- Date: July 28 – August 3
- Edition: 25th
- Category: Tier II
- Draw: 48S / 16D
- Prize money: $1,000,000
- Surface: Hard / outdoor
- Location: San Diego, California, U.S.

Champions

Singles
- Justine Henin-Hardenne

Doubles
- Kim Clijsters / Ai Sugiyama
- ← 2002 · Southern California Open · 2004 →

= 2003 Acura Classic =

The 2003 Acura Classic was a women's tennis tournament played on outdoor hard courts in San Diego in the United States. It was part of Tier II of the 2003 WTA Tour.

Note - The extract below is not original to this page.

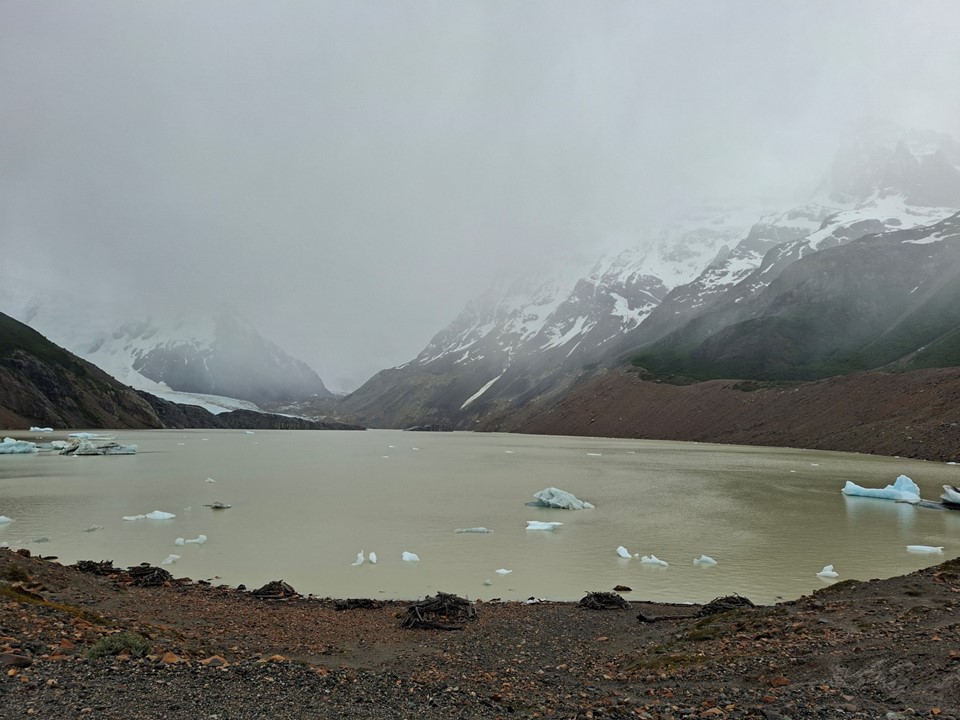 One would normally see Cerro Torre reflected in the lake. The icebergs and glacier at the back of the lake were very beautiful, so it was worth it, even in the absence of one of the most iconic spires on the planet.

It was the 25th edition of the tournament and was held from July 28 through August 3, 2003. Third-seeded Justine Henin-Hardenne won her third consecutive singles title at the event and earned $148,000 first-prize money as well as 220 ranking points.

==Finals==
===Singles===

BEL Justine Henin-Hardenne defeated BEL Kim Clijsters, 3–6, 6–2, 6–3
- It was Henin-Hardenne's 5th singles title of the year and the 11th of her career.

===Doubles===

BEL Kim Clijsters / JPN Ai Sugiyama defeated USA Lindsay Davenport / USA Lisa Raymond, 6–4, 7–5
- It was Clijsters's 6th title of the year and the 25th of her career. It was Sugiyama's 6th title of the year and the 30th of her career.